In general, the TPD and web services are configured to work with self-signed certificates. You can replace the appworks certificates using the procedures described in this section.

Assumptions

The following procedure assumes that you have already obtained a signed certificate or key file from the customer’s certificate authority and that these files are in the .pem format.

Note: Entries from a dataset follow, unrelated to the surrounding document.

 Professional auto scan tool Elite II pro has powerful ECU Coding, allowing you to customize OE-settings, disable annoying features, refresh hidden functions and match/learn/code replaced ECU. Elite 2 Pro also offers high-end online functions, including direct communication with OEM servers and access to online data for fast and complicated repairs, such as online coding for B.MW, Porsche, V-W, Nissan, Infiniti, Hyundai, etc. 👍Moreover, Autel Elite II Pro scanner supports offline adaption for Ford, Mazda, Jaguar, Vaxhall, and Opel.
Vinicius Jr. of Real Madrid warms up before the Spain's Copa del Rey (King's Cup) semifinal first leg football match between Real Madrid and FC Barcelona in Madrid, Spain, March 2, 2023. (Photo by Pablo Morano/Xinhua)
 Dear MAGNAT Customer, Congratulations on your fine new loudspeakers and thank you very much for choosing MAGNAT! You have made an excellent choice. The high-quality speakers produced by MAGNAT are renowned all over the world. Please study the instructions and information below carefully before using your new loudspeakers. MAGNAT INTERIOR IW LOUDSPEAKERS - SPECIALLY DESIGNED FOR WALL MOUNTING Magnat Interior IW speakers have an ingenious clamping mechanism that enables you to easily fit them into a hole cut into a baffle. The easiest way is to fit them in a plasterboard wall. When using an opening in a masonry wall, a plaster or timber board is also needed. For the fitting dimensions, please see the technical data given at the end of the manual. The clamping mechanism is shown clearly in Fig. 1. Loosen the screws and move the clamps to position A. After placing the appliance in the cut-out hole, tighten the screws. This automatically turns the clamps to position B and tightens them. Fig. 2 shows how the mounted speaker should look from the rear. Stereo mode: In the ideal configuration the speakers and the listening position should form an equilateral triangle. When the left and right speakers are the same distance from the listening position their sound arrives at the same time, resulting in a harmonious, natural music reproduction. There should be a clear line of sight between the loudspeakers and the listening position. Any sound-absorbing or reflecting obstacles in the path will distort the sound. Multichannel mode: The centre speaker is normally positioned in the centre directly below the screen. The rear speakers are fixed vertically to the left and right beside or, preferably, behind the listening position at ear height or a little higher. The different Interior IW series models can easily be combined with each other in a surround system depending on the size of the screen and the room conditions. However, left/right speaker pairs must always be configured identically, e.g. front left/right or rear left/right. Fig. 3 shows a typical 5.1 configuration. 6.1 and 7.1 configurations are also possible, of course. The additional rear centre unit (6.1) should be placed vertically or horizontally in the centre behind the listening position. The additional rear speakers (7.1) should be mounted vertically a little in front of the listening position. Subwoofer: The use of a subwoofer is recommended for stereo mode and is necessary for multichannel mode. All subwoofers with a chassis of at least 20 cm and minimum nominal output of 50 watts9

Each server in the topology needs its own certificate or key pair. The certificate must have a DN field that matches the hostname of the server. The following procedures assume the customer provides files in this naming convention:
  • <hostname>_crt.pem – a PEM encoded X.509 certificate for the host <hostname>
  • <hostname>_priv.pem – a PEM encoded private key for the host <hostname>

Ensure that the private key file is not protected with a passphrase.

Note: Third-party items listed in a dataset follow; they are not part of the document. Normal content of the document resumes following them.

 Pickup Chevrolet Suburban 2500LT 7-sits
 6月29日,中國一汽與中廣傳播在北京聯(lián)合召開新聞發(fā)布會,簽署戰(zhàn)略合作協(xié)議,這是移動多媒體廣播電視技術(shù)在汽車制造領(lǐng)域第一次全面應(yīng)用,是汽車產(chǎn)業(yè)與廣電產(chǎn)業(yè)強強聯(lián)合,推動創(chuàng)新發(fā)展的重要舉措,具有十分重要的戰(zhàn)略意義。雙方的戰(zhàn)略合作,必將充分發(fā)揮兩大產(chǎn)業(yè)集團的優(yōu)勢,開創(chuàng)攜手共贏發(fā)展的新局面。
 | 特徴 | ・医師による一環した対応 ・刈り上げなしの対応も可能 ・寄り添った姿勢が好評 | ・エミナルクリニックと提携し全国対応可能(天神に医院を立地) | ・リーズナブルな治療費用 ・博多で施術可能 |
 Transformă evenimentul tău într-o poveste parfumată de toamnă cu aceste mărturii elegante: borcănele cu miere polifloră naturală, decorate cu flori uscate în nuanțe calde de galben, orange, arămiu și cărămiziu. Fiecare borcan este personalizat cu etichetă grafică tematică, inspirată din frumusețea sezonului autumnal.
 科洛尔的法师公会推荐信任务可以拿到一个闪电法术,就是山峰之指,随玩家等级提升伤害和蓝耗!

Creating and Distributing a separate Certificate and Key PEM File

Perform the following steps to create and distribute a separate certificate and key PEM file:
  1. Log in as admusr on the active NOA server.
    Login: admusr
Password: <current admin user password>
  2. Copy all of the <hostname>_crt.pem and <hostname>_priv.pem files to the home directory for admusr on the active NOA using a utility such as scp or rsync.
  3. Run the following steps to confirm and verify the certificate or key pairs:
    1. Confirm each of the certificate or key pairs are compatible (assume <hostname> is noa):
      $ openssl rsa -noout -modulus -in noa_priv.pem | openssl md5 
(stdin)= eef417fb3f018862034ae8e9f3a0b56e
      $ openssl x509 -noout -modulus -in noa_crt.pem | openssl md5 
(stdin)= eef417fb3f018862034ae8e9f3a0b56e
    2. Verify the md5 output matches for each <hostname> certificate or private key pair. Additionally, the md5 should be different for different <hostnames>.
  4. Copy the private key and certificate to the server (again, assume <hostname> is noa):
    $ scp noa_priv.pem admusr@noa:
$ scp noa_crt.pem admusr@noa:

    Note:

    Repeat the above procedure for each <hostname>.

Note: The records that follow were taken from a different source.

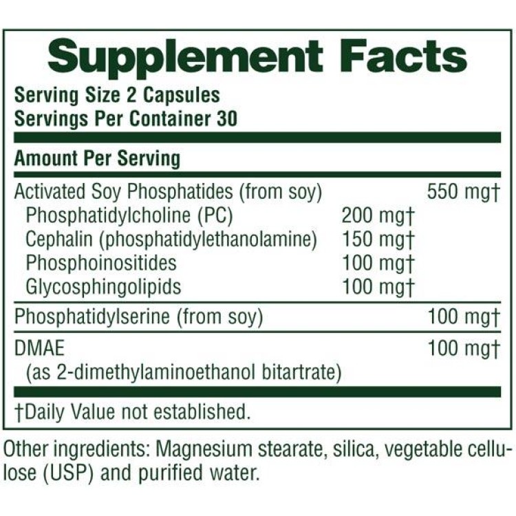 Ειδική φόρμουλα για τη βελτίωση των εγκεφαλικών λειτουργιών με φυσικές ουσίες που είναι συστατικά των νευρικών κυττάρων ή μετέχουν στην διαδικασία παραγωγής ορισμένων νευροδιαβιβαστών. Περιέχει (οι 2 ταμπλέτες): Phosphatidylserine (100 mg), DMAE (2-dimethylaminoethanol) (100 mg) και ενεργοποιημένα φωσφατίδια σόγιας (Phosphatidylcholine, Cephalin, Phosphoinositides, Glycosphingolipids) (550 mg).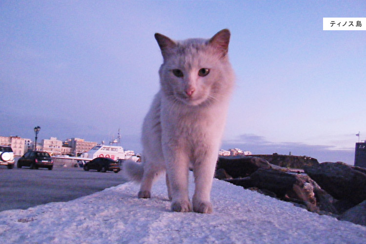 港のふちに座っていたら、白猫がやってきました。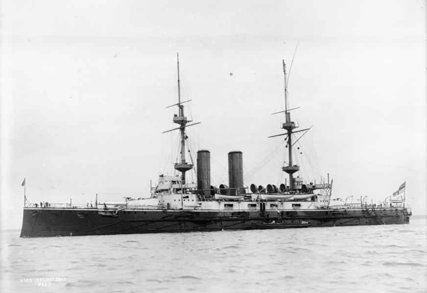 | 04.02.1902 | Okręt został wcielony do służby w Chatham Dockyard z przeznaczeniem na Morze Śródziemne, gdzie miał zmienić pancernik wieżowy HMS "DEVASTATION" w roli okrętu strażniczego w Gibraltarze. |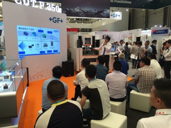 GF 加工方案带来了面向中国市场推出的全新CUT P 精密慢走丝线切割机床系列,该系列在工艺智能性全面得到了提升,在SMART 智能加工模块和互连解决方案方面,它将提高用户的生产力和最大化机床的工作时间;FANUC带来的的放大镜注塑自动化系统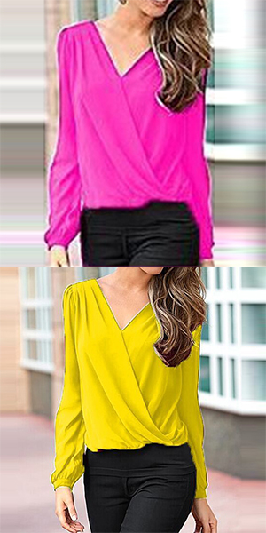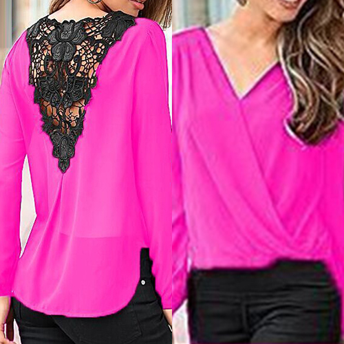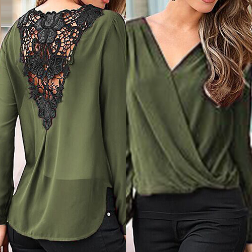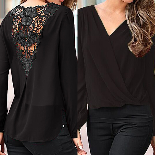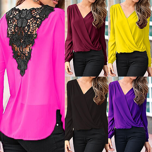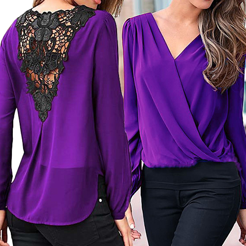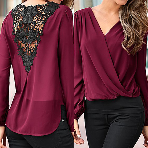 Invest on a minimal blouse such as this one. It features lace paneled back, surplice front, V neckline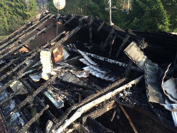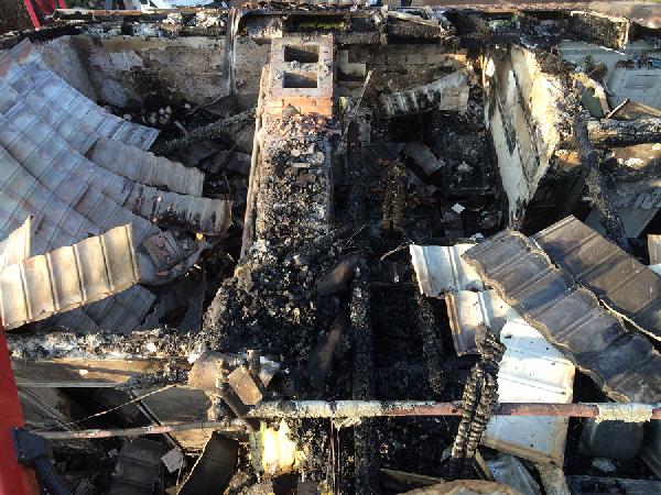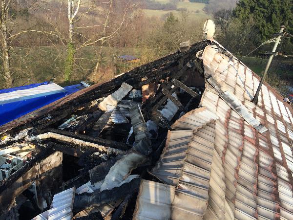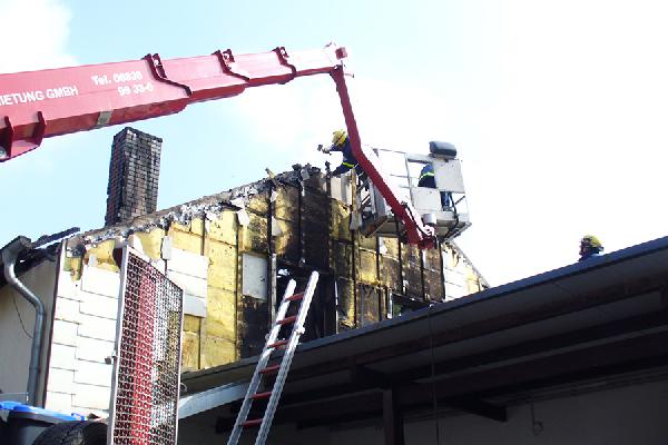 Erste Aufgabe war, den oberen Giebelteil des schwer beschädigten Wohnhauses so abzutragen, dass keine weiteren Schäden an dem Gebäude entstehen. Auch der Kamin musste von einer Hubarbeitsbühne aus Stein für Stein abgetragen werden.

Installing a separate PEM and CERT File on Each Distinct <hostname>

After creating the separate certificate and private key PEM file for each server in the topology, you must log into each server in the topology and install the PEM file as follows:
  1. Log in as admusr on the <hostname> (assume <hostname> is noa):
    $ ssh admusr@noa
  2. Run the following commands to copy your new certificate/private key pair PEM file into place (assume <hostname> is noa):
    $ sudo cp noa_priv.pem /usr/TKLC/appworks/etc/ssl
$ sudo chown awadmin:awadm /usr/TKLC/appworks/etc/ssl/noa_priv.pem
$ sudo chmod 640 /usr/TKLC/appworks/etc/ssl/noa_priv.pem

$ sudo cp noa_crt.pem /usr/TKLC/appworks/etc/ssl/ 
$ sudo chown awadmin:awadm /usr/TKLC/appworks/etc/ssl/noa_crt.pem
$ sudo chmod 640 /usr/TKLC/appworks/etc/ssl/noa_crt.pem
  3. Run the following commands to replace the existing combined certificate or private key file with the new file:
    $ sudo mv /usr/TKLC/appworks/etc/ssl/server.crt /usr/TKLC/appworks/etc/ssl/old_server.crt

$ sudo ln -s /usr/TKLC/appworks/etc/ssl/noa_crt.pem /usr/TKLC/appworks/etc/ssl/server.crt 

$ sudo mv /usr/TKLC/appworks/etc/ssl/server.pem /usr/TKLC/appworks/etc/ssl/old_server.pem

$ sudo ln -s /usr/TKLC/appworks/etc/ssl/noa_priv.pem /usr/TKLC/appworks/etc/ssl/server.pem
  4. Run the following commands to restart the configuration web services and exit:
    $ sudo pm.kill apwSoapServer
$ sudo pm.kill cmsoapa
$ exit

    Note:

    Repeat the above procedure for each and every distinct <hostname>.